There are n observations in the original sample, each equally likely to be selected in each bootstrap draw. Thus, the probability of excluding any specific observation is: 1 - 1/n.
Since bootstrap samples with replacement, it will still be 1 - 1/n.
The probability that the jth observation is excluded from a single draw is 1 - 1/n. The probability that it will be excluded from all n bootstrap draws is thus (1 - 1/n)^n since each draw is independent (sample with replacement).
The formula would be 1 - (c). If you plug in 5, 1-(1-1/5)^5 = 1-0.8^5 = 0.672
Plug in 1000, so 1-(1-1/100)^100 = 1-0.99^100 = 0.634
Plug in 10,000 which is 0.632.
n <- 1:100000
plot(n, 1 - (1 - 1/n)^n)
The model relatively quickly approaches an asymptotic probability of: \[ \lim_{n \to \infty} 1 - \left(1 - \frac{1}{n}\right)^n = 1-\frac{1}{e} \approx 0.632 \] This shows that even with very large samples, about 63.2% of observations appear at least once in each bootstrap sample, while about 36.8% are left out entirely.
store <- rep(NA, 10000)
for(i in 1:10000){
store[i] <- sum(sample(1:100, rep=TRUE) == 4) > 0
}
mean(store)
## [1] 0.6355
We loop over 10,000 bootstrap samples of size 100 with replacement. The result is 0.6317 which is approximately 0.632, matching what we expected. This highlights the property of bootstrap sampling, where each observation has about a 63.2% chance of appearing at least once in a bootstrap sample and 36.8% chance of being excluded entirely.
library(ISLR)
data(Default)
str(Default)
## 'data.frame': 10000 obs. of 4 variables:
## $ default: Factor w/ 2 levels "No","Yes": 1 1 1 1 1 1 1 1 1 1 ...

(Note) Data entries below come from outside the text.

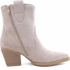 Weloveshoes SmileFavorites® Dames Cowboylaarzen Met Hak Kort – Suedine – Beige – Maat 37
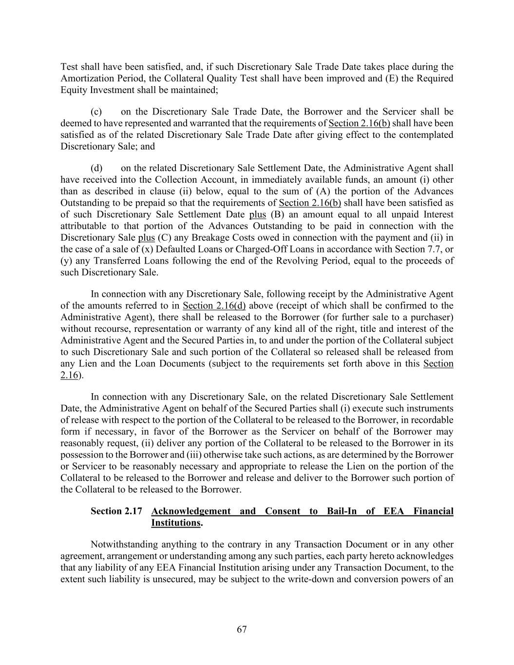 67 Test shall have been satisfied, and, if such Discretionary Sale Trade Date takes place during the Amortization Period, the Collateral Quality Test shall have been improved and (E) the Required Equity Investment shall be maintained; (c) on the Discretionary Sale Trade Date, the Borrower and the Servicer shall be deemed to have represented and warranted that the requirements of Section 2.16(b) shall have been satisfied as of the related Discretionary Sale Trade Date after giving effect to the contemplated Discretionary Sale; and (d) on the related Discretionary Sale Settlement Date, the Administrative Agent shall have received into the Collection Account, in immediately available funds, an amount (i) other than as described in clause (ii) below, equal to the sum of (A) the portion of the Advances Outstanding to be prepaid so that the requirements of Section 2.16(b) shall have been satisfied as of such Discretionary Sale Settlement Date plus (B) an amount equal to all unpaid Interest attributable to that portion of the Advances Outstanding to be paid in connection with the Discretionary Sale plus (C) any Breakage Costs owed in connection with the payment and (ii) in the case of a sale of (x) Defaulted Loans or Charged-Off Loans in accordance with Section 7.7, or (y) any Transferred Loans following the end of the Revolving Period, equal to the proceeds of such Discretionary Sale. In connection with any Discretionary Sale, following receipt by the Administrative Agent of the amounts referred to in Section 2.16(d) above (receipt of which shall be confirmed to the Administrative Agent), there shall be released to the Borrower (for further sale to a purchaser) without recourse, representation or warranty of any kind all of the right, title and interest of the Administrative Agent and the Secured Parties in, to and under the portion of the Collateral subject to such Discretionary Sale and such portion of the Collateral so released shall be released from any Lien and the Loan Documents (subject to the requirements set forth above in this Section 2.16). In connection with any Discretionary Sale, on the related Discretionary Sale Settlement Date, the Administrative Agent on behalf of the Secured Parties shall (i) execute such instruments of release with respect to the portion of the Collateral to be released to the Borrower, in recordable form if necessary, in favor of the Borrower as the Servicer on behalf of the Borrower may reasonably request, (ii) deliver any portion of the Collateral to be released to the Borrower in its possession to the Borrower and (iii) otherwise take such actions, as are determined by the Borrower or Servicer to be reasonably necessary and appropriate to release the Lien on the portion of the Collateral to be released to the Borrower and release and deliver to the Borrower such portion of the Collateral to be released to the Borrower. Section 2.17 Acknowledgement and Consent to Bail-In of EEA Financial Institutions. Notwithstanding anything to the contrary in any Transaction Document or in any other agreement, arrangement or understanding among any such parties, each party hereto acknowledges that any liability of any EEA Financial Institution arising under any Transaction Document, to the extent such liability is unsecured, may be subject to the write-down and conversion powers of an
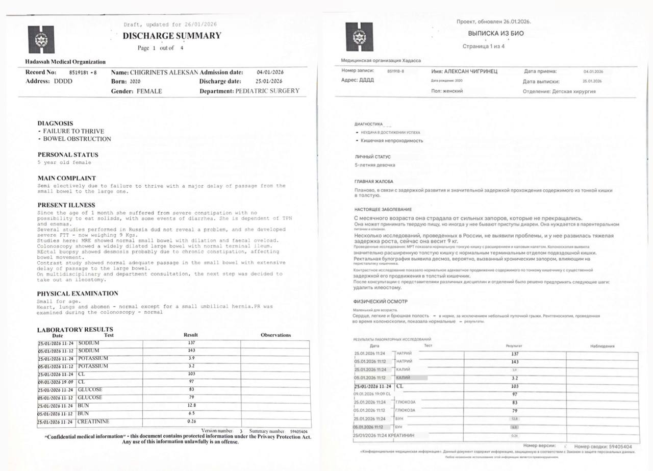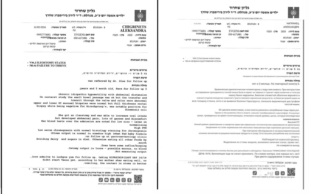 To try to save her, we sold our apartment and moved to Israel. There, doctors finally found the cause... Almost all of Sasha's colon was dysfunctional. The disease was desmosis coli... 😔
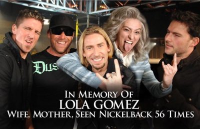 of you dressed up like somebody’s mom sticking her tongue out and flashing the devil horns with the guys from Nickelback, and it says “Lola Gomez Wife, Mother, Seen Nickelback 56 Times.” What is that from? Is that a skit?
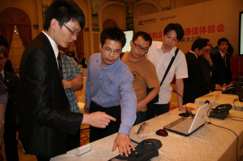 CTI論壇(ctiforum)4月25日消息(記者 潘婷婷): 廣東佳和通信技術有限公司主辦的首場企業(yè)智能通信體驗會,于2011年4月13日在廣州富力麗思卡爾頓酒店隆重召開,并取得圓滿成功。此次體驗會來自佳和通信的負責人和業(yè)內(nèi)專家就佳和企業(yè)智能通信平臺的應用以及協(xié)同辦公的發(fā)展趨勢發(fā)表了主題演講,為所有到場的100多位來賓做了詳實的介紹。同時展示了佳和“!毕盗械7個應用解決方案,并對拳頭產(chǎn)品——智能IP話機T600、移動分機M600、個人助理軟件IPA PRO等進行了現(xiàn)場演示和互動,其目的在于使現(xiàn)場嘉賓充分感受企業(yè)智能通信的價值和魅力,同時親身體驗到如何在在加速辦公自動化的同時提高企業(yè)效率、節(jié)約成本。
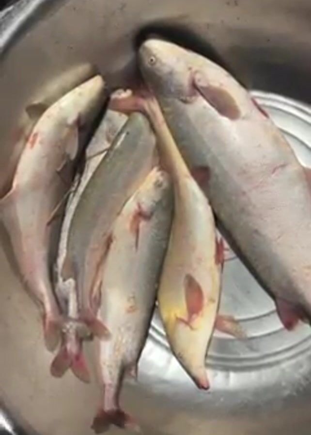 metal bowl containing six fish. The fish are light gray, some with reddish marks or fins, and one is slightly yellowish. They vary in size, with one being notably larger than the others. The bowl is sitting on a dark surface. No people are visible in the video. There are sounds of voices speaking in a language other than English in the background.
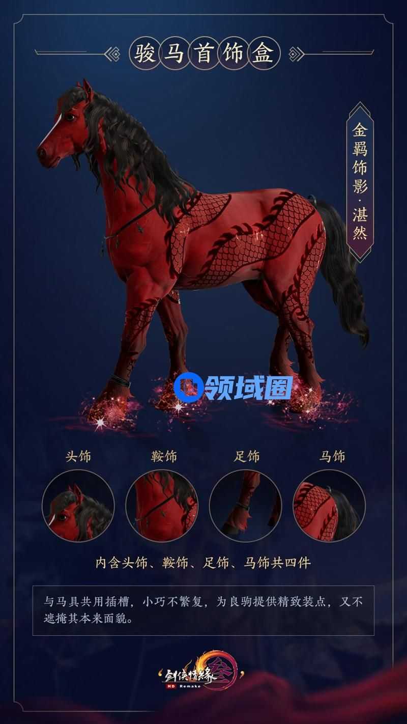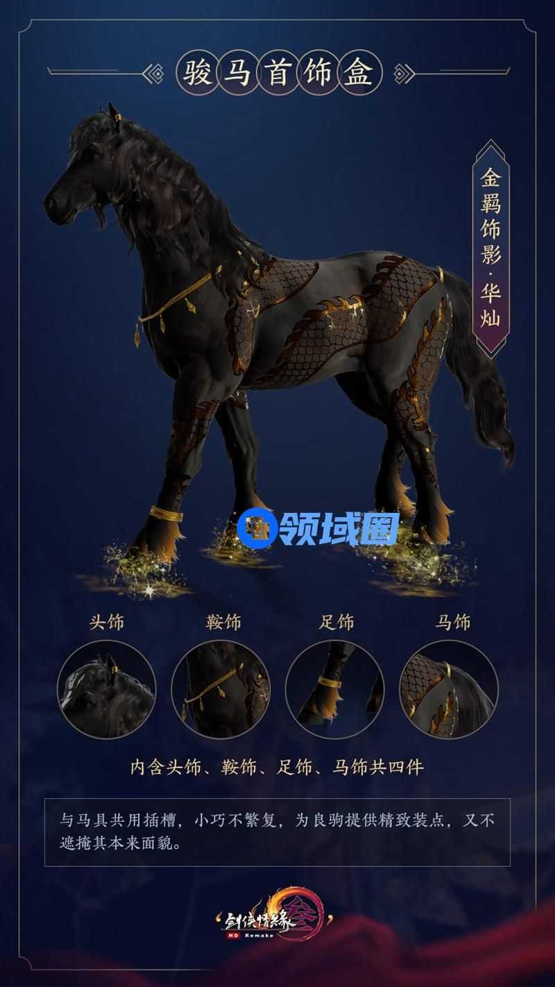 不仅如此,还有全新骏马首饰盒“金羁饰影”系列闪亮登场,为侠士们的爱驹提供精致点缀!骏马首饰盒“金羁饰影”系列共有三款不同偏色可供选择,每款偏色均内含头饰、鞍饰、足饰、马饰共四件,其中头饰、鞍饰、足饰三件均可为良驹提供【移动速度提高5%】的增益效果。首饰盒一改往日马具繁复冗杂之感,小巧清丽,既可为侠士的爱驹提供画龙点睛的点缀,又不遮掩其本来面貌,尽情展现良骏风范!

## $ student: Factor w/ 2 levels "No","Yes": 1 2 1 1 1 2 1 2 1 1 ...
## $ balance: num 730 817 1074 529 786 ...
## $ income : num 44362 12106 31767 35704 38463 ...
head(Default)
## default student balance income
## 1 No No 729.5265 44361.625
## 2 No Yes 817.1804 12106.135
## 3 No No 1073.5492 31767.139
## 4 No No 529.2506 35704.494
## 5 No No 785.6559 38463.496
## 6 No Yes 919.5885 7491.559
summary(Default)
## default student balance income
## No :9667 No :7056 Min. : 0.0 Min. : 772
## Yes: 333 Yes:2944 1st Qu.: 481.7 1st Qu.:21340
## Median : 823.6 Median :34553
## Mean : 835.4 Mean :33517
## 3rd Qu.:1166.3 3rd Qu.:43808
## Max. :2654.3 Max. :73554
set.seed(0)
logit_model <- glm(default ~ income + balance, data = Default, family = binomial)
summary(logit_model)
##
## Call:
## glm(formula = default ~ income + balance, family = binomial,
## data = Default)
##
## Coefficients:
## Estimate Std. Error z value Pr(>|z|)
## (Intercept) -1.154e+01 4.348e-01 -26.545 < 2e-16 ***
## income 2.081e-05 4.985e-06 4.174 2.99e-05 ***
## balance 5.647e-03 2.274e-04 24.836 < 2e-16 ***
## ---
## Signif. codes: 0 '***' 0.001 '**' 0.01 '*' 0.05 '.' 0.1 ' ' 1
##
## (Dispersion parameter for binomial family taken to be 1)
##
## Null deviance: 2920.6 on 9999 degrees of freedom
## Residual deviance: 1579.0 on 9997 degrees of freedom
## AIC: 1585
##
## Number of Fisher Scoring iterations: 8
SE of income is 4.985e-6 and balance is 2.274e-4.
boot.fn <- function(data, index) {
fit <- glm(default ~ income + balance, data = data, family = "binomial", subset = index)
return(coef(fit))
}
library(boot)
## Warning: package 'boot' was built under R version 4.4.2
##
## Attaching package: 'boot'
## The following object is masked from 'package:lattice':
##
## melanoma
boot(Default, boot.fn, 1000)
##
## ORDINARY NONPARAMETRIC BOOTSTRAP
##
##
## Call:
## boot(data = Default, statistic = boot.fn, R = 1000)
##
##
## Bootstrap Statistics :
## original bias std. error
## t1* -1.154047e+01 -4.029654e-02 4.369085e-01
## t2* 2.080898e-05 2.593598e-07 4.723616e-06
## t3* 5.647103e-03 1.627427e-05 2.274881e-04
Using my bootstrap function, the SE of income is 4.724e-6 and balance is 2.275e-4. The estimated standard errors for both income and balance are very similar between the glm function and my bootstrap function, providing confidence that the model performance will be similar when tested on new data.